Australia’s Annual Overdose Report 2021 reveals that more than 2,000 Australians have lost their lives to overdose for the sixth year in a row.

Australia’s Annual Overdose Report 2021 reveals that there have been 34,728 overdose deaths in Australia since the turn of the century.

That figure includes 2,227 overdose deaths in 2019, 1,644 of which were unintentional.

The numbers should speak for themselves. Unfortunately, they’re not being heard.

Deaths from overdoses have outnumbered the road toll since 2014. Yet while governments commit themselves to the important work of reducing the road toll, overdoses continue to claim the lives of thousands of our loved ones in virtual silence.

Overdose hides in plain sight. If there are 30 non-fatal overdoses for every fatal one, as research suggests, then there have been approximately one million overdoses this century. Drug and alcohol poisoning, a category which is overwhelmingly made up by drug overdoses, is the second-leading cause of death for Australians in their thirties while for those in their twenties and forties, it’s the third-leading cause of death.

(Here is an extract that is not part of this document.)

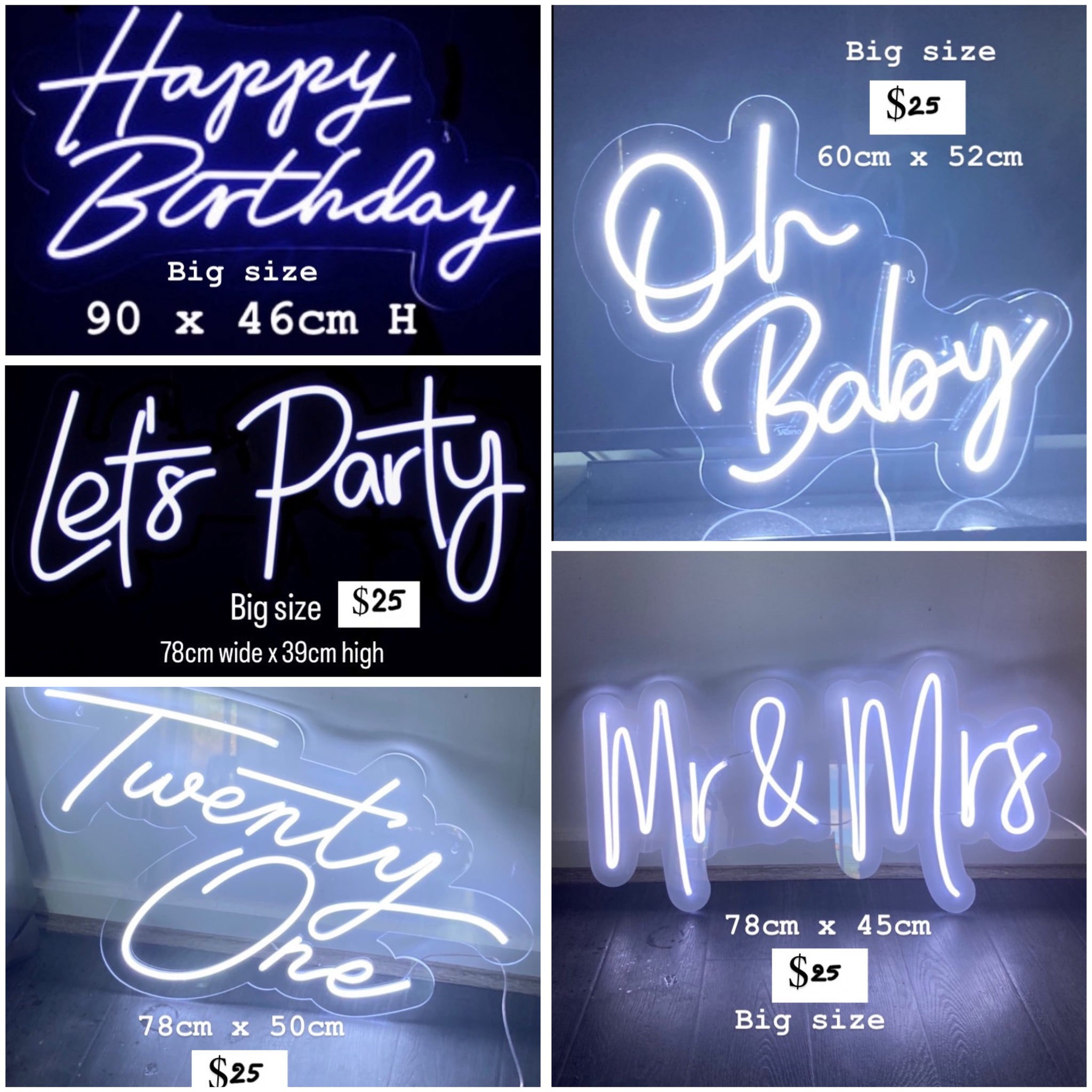 Neon led sign large size includes charger $25 hire each (plus $50 refundable bond)

It’s present in every corner of our communities. It affects Australians of all ages, in the country and the city. Although you’d be forgiven for thinking that illicit drugs are the main substances implicated in overdose, pharmaceutical drugs – opioids, benzodiazepines (sedative drugs), anti-depressants and anti-convulsants – are detected in most overdose deaths.

Despite its broad prevalence, the burden of overdose deaths is not evenly shared.

Aboriginal Australians are almost four times as likely to die of an overdose than non-Aboriginal Australians. Overdose deaths are more common in rural and regional areas, Australians in middle age and men.

Combining the Commonwealth’s own estimate of the value of a year of life lost with the average of 33 years of life lost for each overdose death means that overdose deaths alone cost our economy more than $15.5 billion every year. The cost to the families who lose a loved one is impossible to calculate.

This year’s Annual Overdose Report contains many findings that should prompt a shift in our approach, to drug policies based on lived experience and research.
John Ryan
The best place to begin is with a National Overdose Prevention Strategy, developed in close collaboration with people with lived experience, frontline workers and other experts. It must fearlessly address the drivers of drug use, the diversity of drugs that are causing overdose and how overdose risks are evolving. This strategy must be developed carefully but – crucially – it must also be developed urgently.

Australia’s Annual Overdose Report 2021 is a bitter dose of reality. It is time to finally treat this crisis with the seriousness it deserves.